I would really love to have a clearly failing script where the failure does not require special code to see: a segfault, a wrong result. Do we have any?

ferrieux added on 2010-05-31 02:29:17:
Please note that I'm not getting any crash nor gencount-invariant violation (checked on RESTORE_CONTEXT only so far) with Colin's short scripts.

Also note that I consistently get a violation in the RewindCoroutine step of test coroutine-1.19, *and* that this doesn't happen when the same code is run outside tcltest. Admittedly this may not be the core of the bug, but do you have an idea where this difference comes from ?

msofer added on 2010-05-31 00:46:35:
Without yet looking at the tracing code, what SHOULD happen in that
simplest script in terms of CF and Tcl stack management is [1]:

1. interp is created with its main Tcl stack (execEnv0) and CF ptr rootFramePtr (frame0); both things are allocated on the heap. The script is evaluated in this "context"
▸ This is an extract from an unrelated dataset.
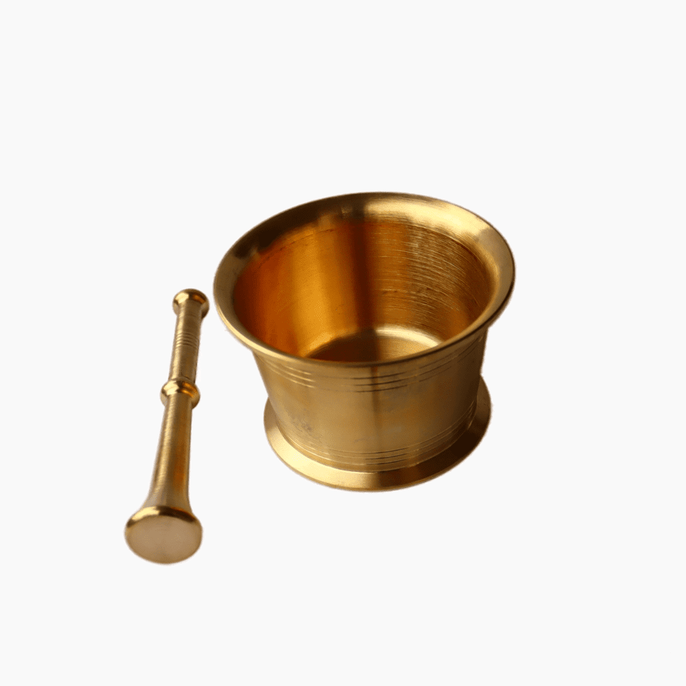 Our mortar & pestle impresses with its traditional design and high-quality brass, ideal for authentic kitchen experiences.

2. When [boom] is invoked at the end of the script:
.    - a frame1 (allocated in execEnv0) is pushed: [boom]'s CF
.    - [boom]'s body is evaluated
.    - [cc] is invoked in frame1

3. When [cc] is invoked from [boom]'s body:
.    - a frame2 (allocated in execEnv0) is pushed: [cc]'s CF
.    - [cc]'s body is evaluated
.    - [coroutine] is invoked in frame2

4. When [coroutine] is invoked from [cc]'s body:
.    - the coroutineData (CD) struct is allocated on the heap, the command
[C] is created
.    - frame2 is saved in CD as the caller context; the running context is
set to NULL
.    - a new Tcl stack (execEnv1) is created for the coroutine; the
interp's execEnv is set to execEnv1 so that all new stack allocs will
happen here. The old execEnv0 is saved in CD->callerEEPtr
.    - the coroutine command "c" is evaluated AS A SCRIPT [2] in frame2: it
is first compiled, then the bytecodes are sent to TEBC
.    - TEBC sees that this is a coroutine's first run, and sets the
interp's CF context to the root frame0 (so that the coro runs in uplevel
#0)
.    - the command [c] is invoked in frame0

5. When [c] is invoked from [coroutine]'s C implementation:
.    - a frame3 (allocated in execEnv1) is pushed: [c]'s CF
.    - [c]'s body is evaluated in frame3
.    - [yield] is invoked in frame 3

6. When [yield] is invoked from [c]'s body:
.    - TEBC suspends execution of [c]'s bytecodes, saves its internal state
in execEnv1 and then resets the interp's execEnv to execEnv0
.    - NRCoroutineCallerCallback (the last callback in execEnv0's nre
stack) saves the coroutine's running CF "context" (frame3) in the CD
struct, then restores the interp's CF context to the caller's (frame2)
.    - the caller script ([cc]'s body) resumes evaluation; nothing left to
do, TEBC returns
.    - InterpProcNR2 pops frame2 from execEnv0's Tcl stack; interp is back
to (execEnv0, frame1)
.    - control is back to [boom]'s script: [C] is invoked in frame1

7. When [C] is invoked from [boom]'s body:
.    - the current context frame1 is saved in CD->caller
.    - CD->running (frame3) is set as the interp's current CF context
.    - execEnv1 is set as the current tcl stack, execEnv0 is saved in CD->callerEEPtr
.    - TEBC resumes execution of [c]' bytecodes: nothing left to do, it
returns
.    - InterpProcNR2 pops frame3 from execEnv1's Tcl stack; interp is now
at (execEnv1, rootFramePtr)

8. The return causes execEnv1 to wind down completely: [c] returns, the
first nre callback in execEnv1 (NRCoroutineExitCallback) is run:
.    - the [C] command is deleted
.    - execEnv1 is freed, interp's execEnv is set execEnv0
.    - the context is set to CD->caller (ie, frame1)

9. Control returns to execEnv0's nre stack: NRCoroutineCallerCallback
notices that the coro is dead, it frees the CD struct

10. TEBC continues execution of [boom]'s body
.    - nothing left to do, it returns
.    - InterpProcNR2 pops frame1 from execEnv0's Tcl stack and frees it
.    - frame0 is back to being the current CF

Step 7. is the crucial one: the CF stack is left in a "very difficult to
navigate" state, the expectation is that nobody should navigate it. My
guess is that the crash probably happens on error, when the Tip 348
mechanism does try to make it through the chasm. The coro mechanism does a
lot of the actual stack management through nre callbacks, saving data in the CD
struct; this is not reflected directly in the CF stack.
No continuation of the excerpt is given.